--- THE RECORDS ---

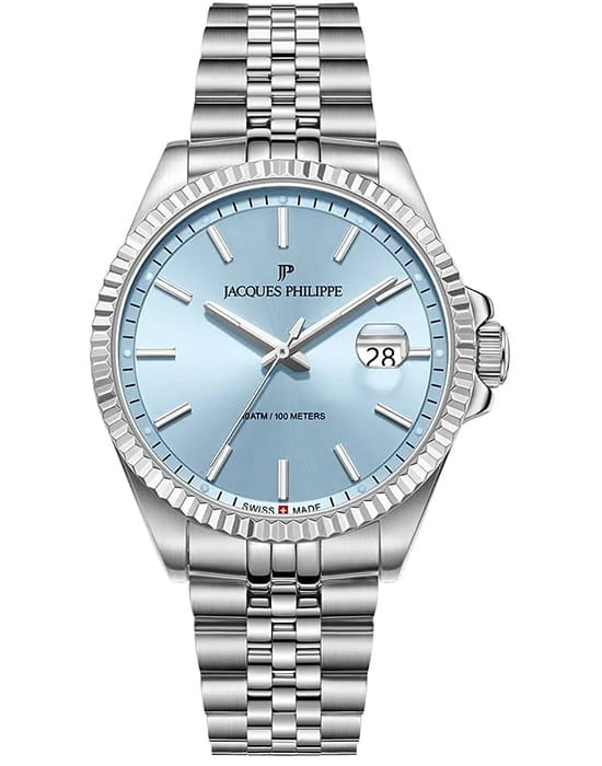 Jacques Philippe JPQGS5913X6LBV2 — мужские часы в сдержанном классическом исполнении с акцентом на простоту и надёжность. Корпус диаметром 40 мм выполнен из нержавеющей стали, а его умеренная толщина — около 12 мм — делает модель универсальной и комфортной в повседневной носке. Циферблат оформлен в светлом металлическом тоне с тонкими стрелками, лаконичными часовыми метками и аккуратным окошком даты в позиции «3 часа». Минималистичный стиль подчёркивает строгость и чистоту дизайна. Поверхность защищена устойчивым к царапинам сапфировым стекломСапфировое стеклоПрочный и надёжный материал из кристалла сапфира синтетического происхождения, характеризующийся особой твёрдостью и устойчивостью к царапинам и повреждениям., которое обеспечивает хорошую читаемость и долговечность. Механизм — точный швейцарский кварц, не требующий подзавода. Он обеспечивает стабильную и бесперебойную работу часов, сохраняя точность в любых условиях. Браслет из нержавеющей стали визуально продолжает корпус и фиксируется с помощью надёжной застёжки, обеспечивая комфортную посадку. Ширина браслета — 22 мм. Водозащита до 10 ATM позволяет использовать часы не только в повседневной жизни, но и при активности на воде. Jacques Philippe — это надёжная и универсальная модель для тех, кто ценит швейцарскую точность, простоту и уверенный стиль без лишних деталей.
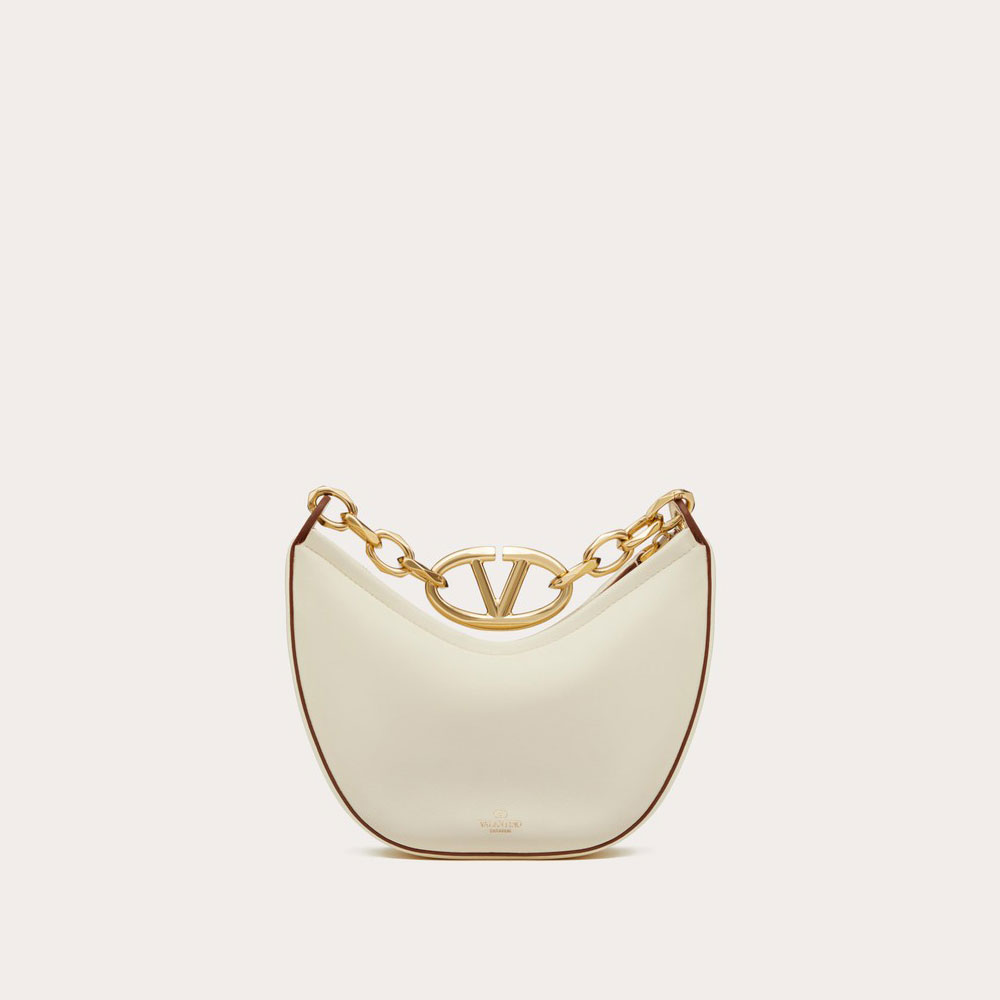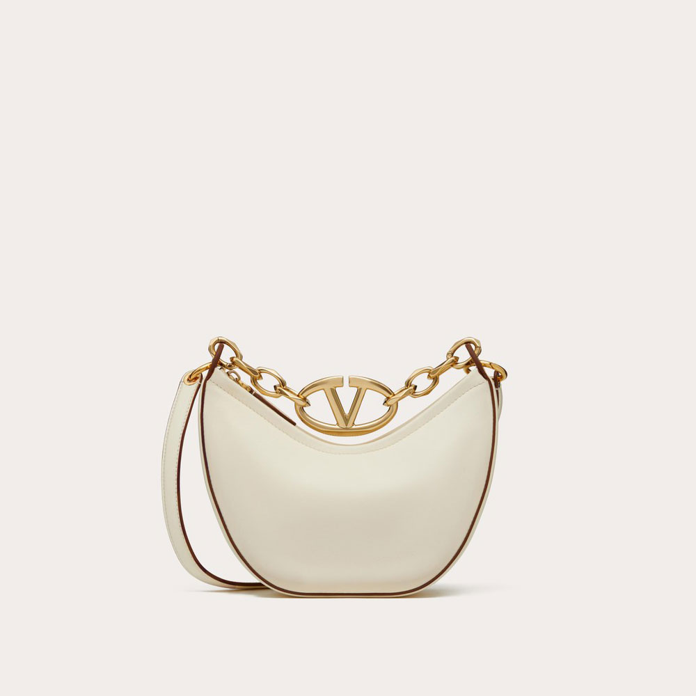 Valentino Garavani Vlogo Moon Mini Hobo Bag in nappa leather featuring chain with metallic Vlogo Signature detail. The bag can be worn as a crossbody bag or handbag thanks to the chain and removable leather shoulder strap.
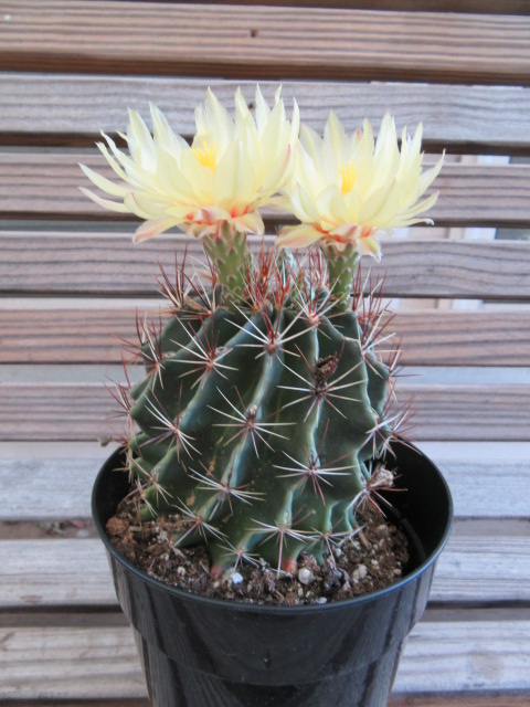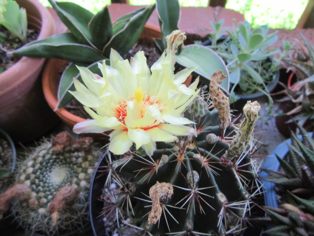 Now for the name issue… Hamatocactus hamatacanthus is a synonym of Ferocactus hamatacanthus, commonly known as the Turks Head Cactus. So, I thought I had a Ferocactus hamatacanthus. However, once the buds opened I became somewhat confused… It has yellow flowers with red centers while Ferocactus hamatacanthus produces flowers that are all yellow… Then an anonymous blog reader suggested Thelocactus setispinus (Miniature Barrel Cactus). After a little research, I think they were correct. I changed the name… I always appreciate help when plants don’t have correct labels… I am no expert.
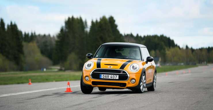 Helt nya Mini Cooper S är först ut i konbanan och förväntningarna är höga. Ska den charmerande gokartkänslan från förra och förrförra modellen finnas kvar? Jo, den nya går ”som trollet” mellan konerna, enligt ett förarprotokoll. På de kurviga vägarna till flygfältet var Mini rena carvingskidan att hantera, med fast och lite ”smörigt” sätt att röra sig. I konbanan förändras karaktären.
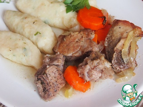 Вообще этот рецепт - это удачное сочетание французской и чешской кухни - мясо готовится с вином по французскому варианту, а "шишки" - это уже любимые чешские кнедлички. Можно их хранить в морозилке.
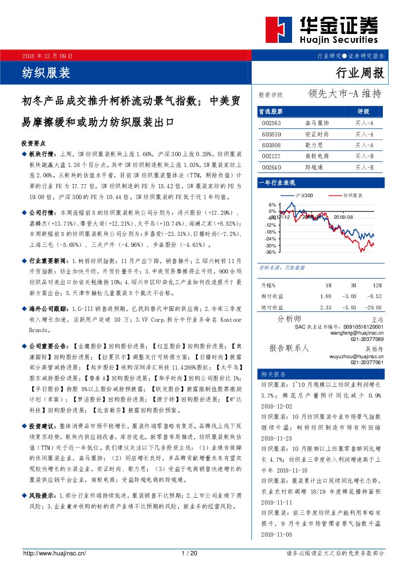 华金证券:纺织服装行业周报:初冬产品成交推升柯桥流动景气指数;中美贸易摩擦缓和或助力纺织服装出口.pdf
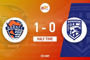 上半场比赛结束,青岛海牛1-0武汉三镇。

---

▸ **YOUR TASK**
Although the records contain pictures, the output must hold only their exact wording.

▸ **EXERCISE RESPONSE**
 Jacques Philippe JPQGS5913X6LBV2 — мужские часы в сдержанном классическом исполнении с акцентом на простоту и надёжность. Корпус диаметром 40 мм выполнен из нержавеющей стали, а его умеренная толщина — около 12 мм — делает модель универсальной и комфортной в повседневной носке. Циферблат оформлен в светлом металлическом тоне с тонкими стрелками, лаконичными часовыми метками и аккуратным окошком даты в позиции «3 часа». Минималистичный стиль подчёркивает строгость и чистоту дизайна. Поверхность защищена устойчивым к царапинам сапфировым стекломСапфировое стеклоПрочный и надёжный материал из кристалла сапфира синтетического происхождения, характеризующийся особой твёрдостью и устойчивостью к царапинам и повреждениям., которое обеспечивает хорошую читаемость и долговечность. Механизм — точный швейцарский кварц, не требующий подзавода. Он обеспечивает стабильную и бесперебойную работу часов, сохраняя точность в любых условиях. Браслет из нержавеющей стали визуально продолжает корпус и фиксируется с помощью надёжной застёжки, обеспечивая комфортную посадку. Ширина браслета — 22 мм. Водозащита до 10 ATM позволяет использовать часы не только в повседневной жизни, но и при активности на воде. Jacques Philippe — это надёжная и универсальная модель для тех, кто ценит швейцарскую точность, простоту и уверенный стиль без лишних деталей.
 Valentino Garavani Vlogo Moon Mini Hobo Bag in nappa leather featuring chain with metallic Vlogo Signature detail. The bag can be worn as a crossbody bag or handbag thanks to the chain and removable leather shoulder strap.
 Now for the name issue… Hamatocactus hamatacanthus is a synonym of Ferocactus hamatacanthus, commonly known as the Turks Head Cactus. So, I thought I had a Ferocactus hamatacanthus. However, once the buds opened I became somewhat confused… It has yellow flowers with red centers while Ferocactus hamatacanthus produces flowers that are all yellow… Then an anonymous blog reader suggested Thelocactus setispinus (Miniature Barrel Cactus). After a little research, I think they were correct. I changed the name… I always appreciate help when plants don’t have correct labels… I am no expert.
 Helt nya Mini Cooper S är först ut i konbanan och förväntningarna är höga. Ska den charmerande gokartkänslan från förra och förrförra modellen finnas kvar? Jo, den nya går ”som trollet” mellan konerna, enligt ett förarprotokoll. På de kurviga vägarna till flygfältet var Mini rena carvingskidan att hantera, med fast och lite ”smörigt” sätt att röra sig. I konbanan förändras karaktären.
 Вообще этот рецепт - это удачное сочетание французской и чешской кухни - мясо готовится с вином по французскому варианту, а "шишки" - это уже любимые чешские кнедлички. Можно их хранить в морозилке.
 华金证券:纺织服装行业周报:初冬产品成交推升柯桥流动景气指数;中美贸易摩擦缓和或助力纺织服装出口.pdf
 上半场比赛结束,青岛海牛1-0武汉三镇。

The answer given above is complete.